Nesse lugar -- seja ele qual for, uma cidade esquecida entre a névoa e a memória, um vilarejo que os mapas insistem em não registrar --, existir é um ato de jardinagem.
Abelardo Botão planta lindas rosas na terra úmida porque acredita que ser visto é o primeiro passo para não morrer. Cada novo botão que brota é uma testemunha. Cada piscar lento é um 'estou aqui'. Seu jardim não cultiva beleza; cultiva presença. E presença é uma forma de amor!

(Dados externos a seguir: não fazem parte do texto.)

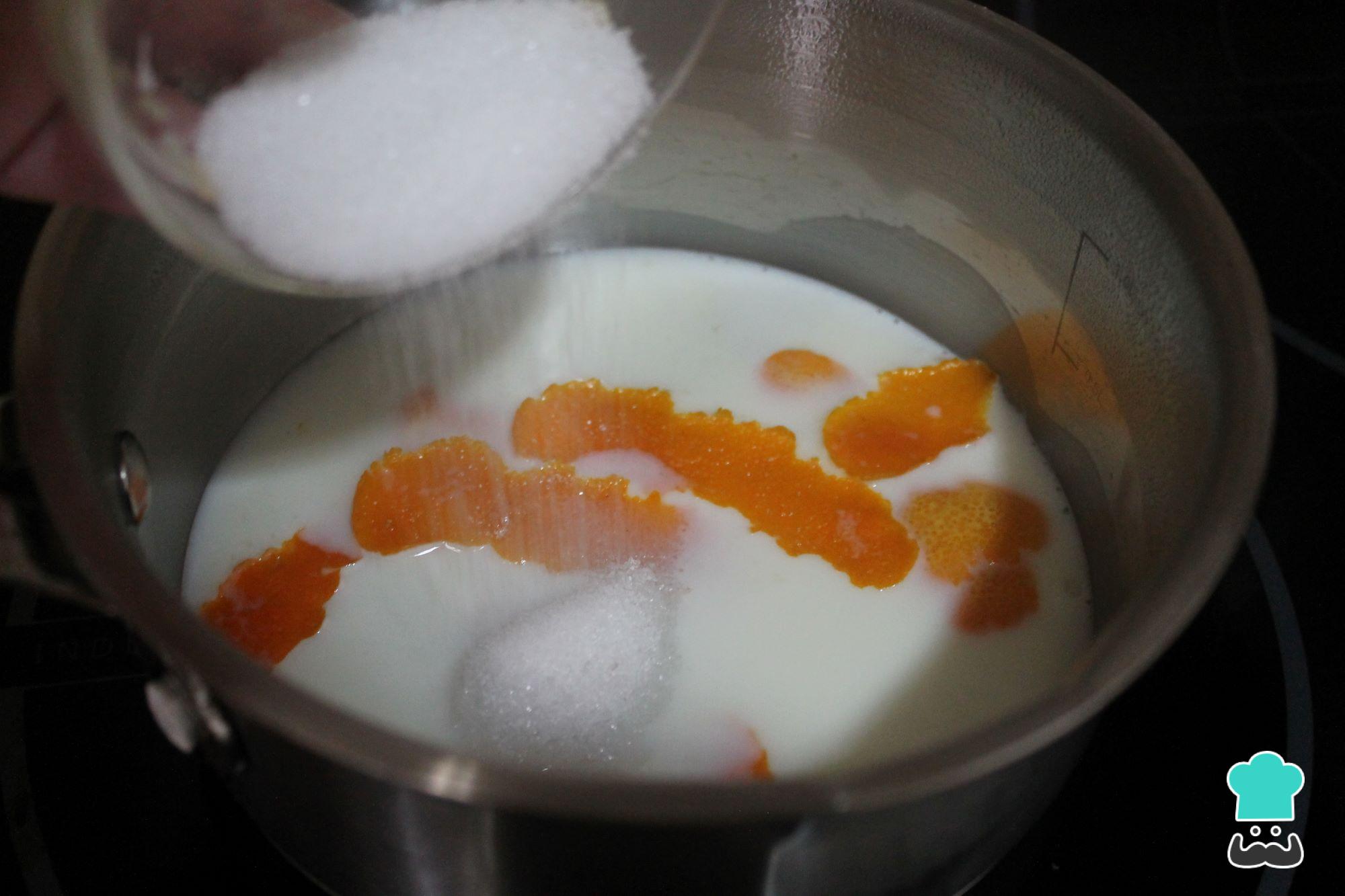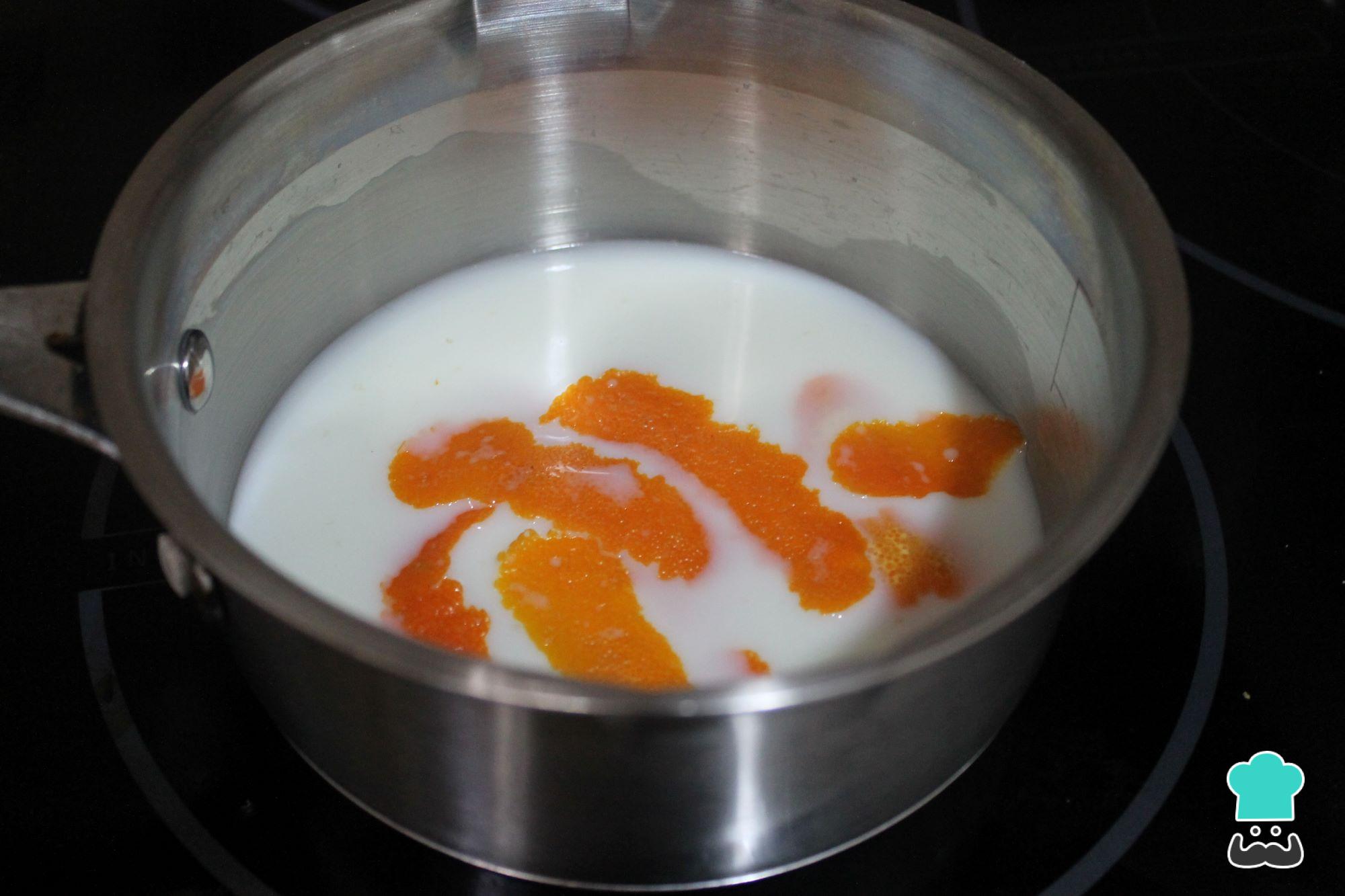 Para empezar con la receta de los crullers franceses, en primer lugar, lava bien la naranja y sécala. A continuación, pela la naranja, preferiblemente con un pelador de verduras para no coger la parte blanca, y añade la corteza junto con la leche en un cazo al fuego.

Lúnula, sua filha, come os dias. Não por fome, mas por medo. Medo de que o tempo passe sem que ela o tenha provado, medo de que a vida escorra como tinta fresca e ela não tenha lambido os dedos. Há uma urgência triste em sua mastigação: ela quer digerir o mundo antes que o mundo a digira.
...Mastigar é sua maneira de permanecer!
Evelina Carícia trava uma guerra silenciosa com a própria mão esquerda. Uma parte dela quer acariciar; a outra, escrever poemas que ninguém entende. Uma parte quer ser mãe, esposa, mulher comum; a outra quer ser ventania, palavra solta, porcelana quebrada que ninguém cola. Existir, para ela, é negociar diariamente com a própria assimetria.

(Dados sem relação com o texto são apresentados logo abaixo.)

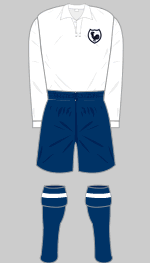 In 1961, Bill Nicholson, a member of the 1951 championship team and now manager, led Spurs to the first League and FA Cup double of the twentieth century. A year later, Spurs won the FA Cup again and in 1963 they became the first British team to take European honours when they won the European Cup-Winners' Cup. Inevitably this glorious side, featuring Jimmy Greaves, Danny Blanchflower, Dave Mackay broke up. Spurs wore all-white strips in friendly games against Racing (1956-57), Moscow Torpedo (1959-60) and against Sheffield Wednesday at Hillsborough in 1959-60. During the 1960s Bill Nicholson began the tradition of wearing all-white strips in European competition and in the FA Cup. While it is widely reported that this was a tribute to the great Real Madrid team, there is no evidence to support this and it may simply be that all-white was more visible under floodlights. (*The first occasion that all-white was worn in the Football League was against Wolves in March 1959.)
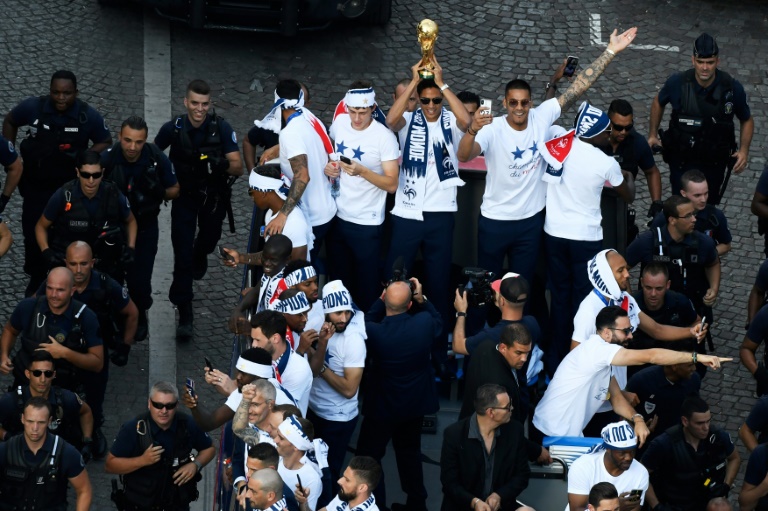 Cette fois, le bus n'a pas eu à se frayer un passage. L'itinéraire avait été balisé de barrières pour contenir l'impressionnante foule venue acclamer ses champions, vainqueurs la veille de la Croatie (4-2) au stade Loujniki de Moscou. Selon le ministère de l'Intérieur, près de 2.000 policiers et gendarmes et 400 personnels de secours ont été mobilisés pour assurer le bon déroulement de la journée.
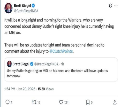名记Brett Siegel赛后曝出,勇士非常担心巴特勒的状况,后者正在接受核磁共振检查,今天不会更新任何伤情状况,勇士队内也拒绝对伤情发表任何评论。
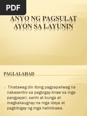 Anyo Ng Pagsulat Ayon Sa Layunin

...E nessa negociação, há uma beleza exausta -- a beleza de quem acorda todas as manhãs e amarra a mão rebelde ao pulso com fios de cabelo da filha, dizendo: 'Hoje ainda sou eu'.

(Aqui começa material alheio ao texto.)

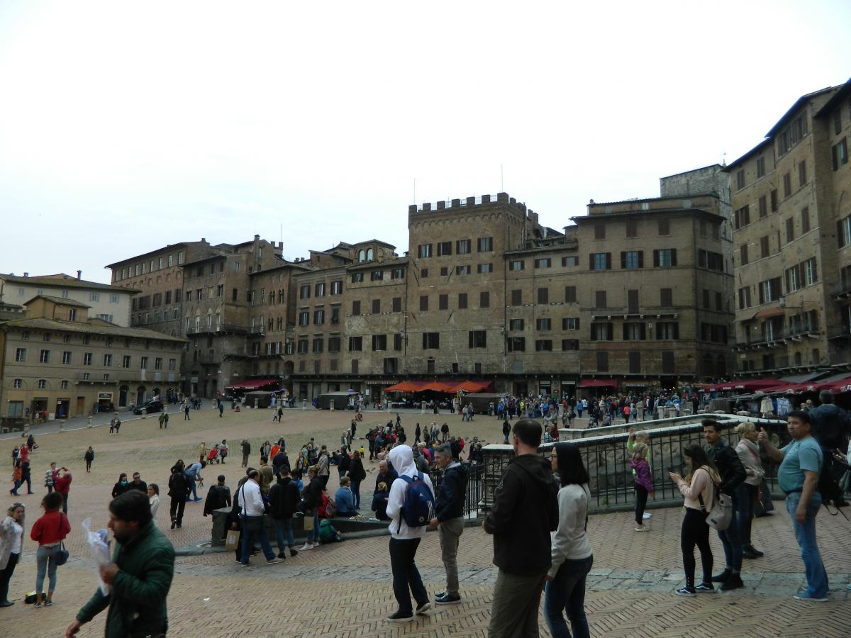 Da, Siena nu are strălucirea magnifică și nici comorile unice, de faimă mondială ale Florenței. Dar are mai multă erenitate. Din Piața Gramsci, unde te lasă autobuzul care pleacă de la gara Sienei sau chiar din Florența, sunt de ales două străzi spre centrul – Piața del Campo – acestui oraș magnific, dar discret. Pe via dei Montanini, continuată cu via Banchi, sunt magazine luxoase și un flux abundent de turiști. Pe via dei Termini nu sunt atâtea magazine, dar este fascinant să străbați orașul printre case medievale si arcade de Ev Mediu. Ambele străzi duc spre fabuloasa Piața del Campo, despre care nici un ghid nu uită să menționeze că este în formă de scoică. Da așa este, dar spațiul acestei piețeunice cu fântaâna ei și mai ales cu palatal ce rivalizează arhitectornic cu success față de cel din Florența, este binecuvântat, prietenos și cu adevărat ospitalier, fie doar prin numeroasele restaurante, pizzerii sau osterii care o străjuiesc.
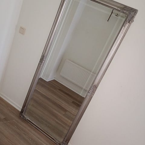 Spegel med vit träram.
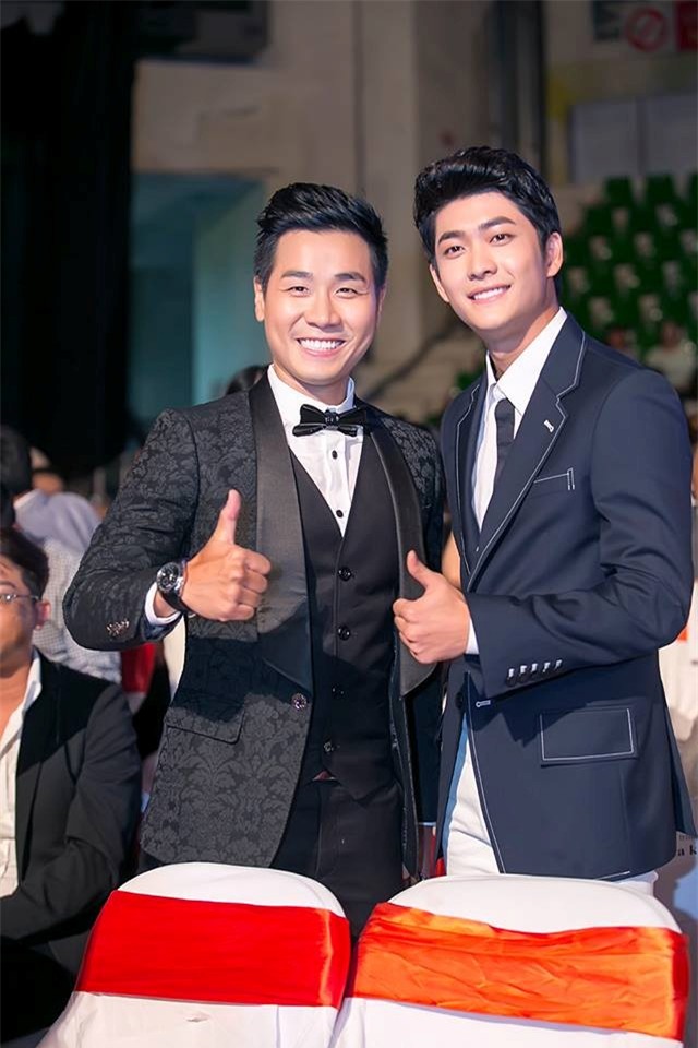 | Nam ca sĩ Hà Anh và bạn gái - Dương Hoàng Yến trên thảm đỏ Lễ trao giải Ấn tượng VTV 2015. |
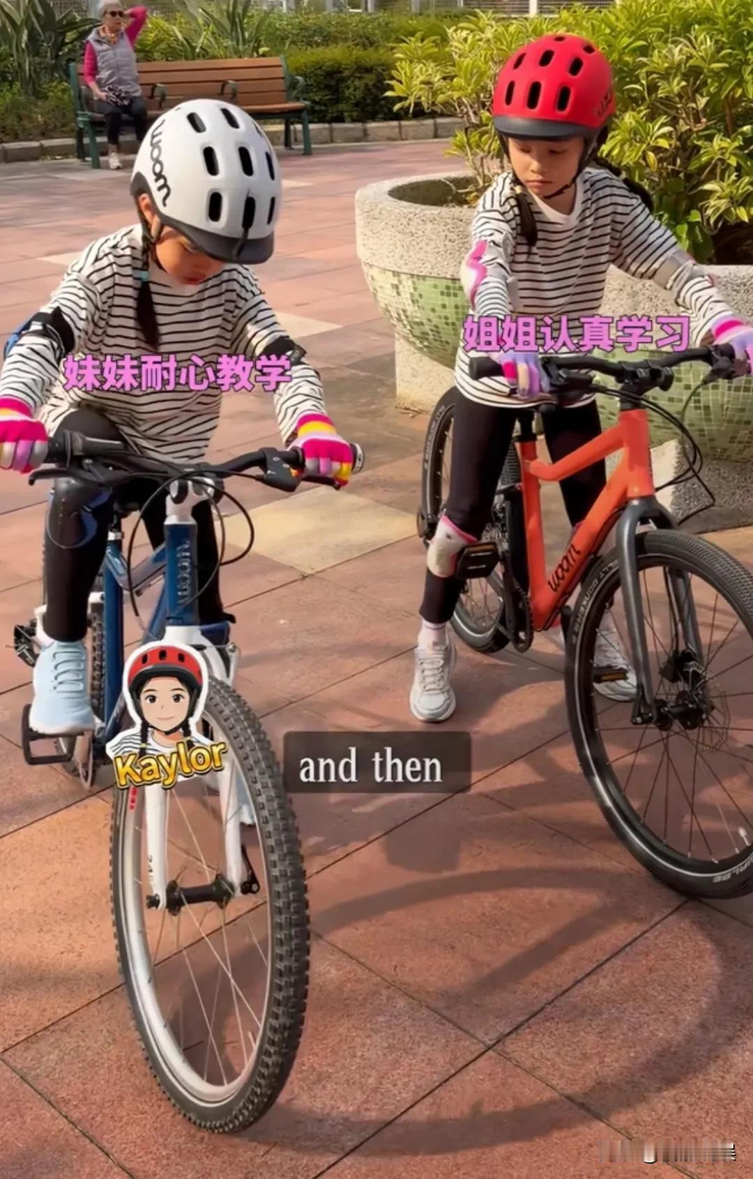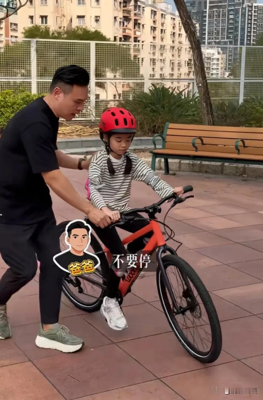 熊黛林和老公郭可颂带着两个双胞胎女儿去学踩单车,感觉她两公婆好同频啊,肉眼可见俩人的婚姻好幸福。 双胞胎姑娘长得一点也不一样,姐姐戴着红色头盔,双眼皮大眼睛小脸蛋,眉眼很像妈妈;妹妹戴着白色头盔,单眼皮翘嘴唇,眉眼更像爸爸。 不过妹妹的学习能力更强,性格也很坚强,摔倒了也不哭,很快就学会了踩单车。 熊黛林日常看着保养得非常好,状态很年轻,粤语说得还挺不错,有时还会用英语和孩子交流。 两个孩子学骑车摔倒了,夫妻俩一致认为孩子不摔跤学不会骑单车。尽管俩人在一旁有些担心,但还是放手让孩子自己去体会。 这一点挺好的,没有过度呵护,学会放手。看郭可颂和老婆熊黛林说话,温声细语的,面对问题俩人选择一起讨论,有商有量,挺同频的。

Madame Fuligem cultiva cinzas de cartas queimadas. Ela sabe que o amor, quando termina, não desaparece -- vira outro sentimento e matéria.!
...E o pó, quando plantado, pode florescer. Suas flores de fuligem são a prova de que nada se perde, tudo se transforma em outra forma de existir. Um amor queimado ainda pode ser um buquê. Uma despedida ainda pode ter perfume.
Doutor Osíris Câmara engarrafa sonhos.
Ele acredita que cada pesadelo removido é uma pequena vitória contra o escuro. Mas cobra um preço: uma lembrança feliz. Porque viver, para ele, é um equilíbrio contábil entre o terror e a alegria. E ele, com seus frascos e suas agulhas de cristal, é o guardião desse balanço.
Violeta-Caramujo carrega segredos nas costas. Sua concha espiralada é um diário vivo de tudo o que os outros não ousam dizer. Ela crescera com o peso das confissões e alegrias alheias, e quando não aguenta mais, sopra libélulas de vidro. Existir, para ela, é ser o lugar onde as verdades vão descansar. É um fardo, mas também uma honra!
Dona Amélia, a mulher-poltrona, acolhe.
Ela fundira-se ao estofado porque o mundo lhe pareceu vasto demais, e ela preferiu ser um ponto fixo. Um colo. Um abrigo. Quem senta em seu regaço esquece um pouco da dor, mas também esquece um pouco de si. Viver, para ela, é ser o esquecimento necessário.
...É o preço do consolo!
Todos eles são diferentes. Todos eles têm algo que não se encaixa, que sobra, que dói, que pulsa fora do ritmo. Mas é exatamente nisso que reside sua força.
...Porque a diferença não é uma falha.
É uma raiz!
Eles não querem ser como os outros. Querem apenas ser. E ser, para eles, é plantar olhos, comer dias, amarrar mãos, cultivar cinzas, engarrafar sonhos, carregar segredos, oferecer colo.
...Ser é um ato de amor!
E o amor, nesse lugar gótico e lindo, Entrelusco, não é ausência de escuridão.
...É a decisão de brotar dentro dela!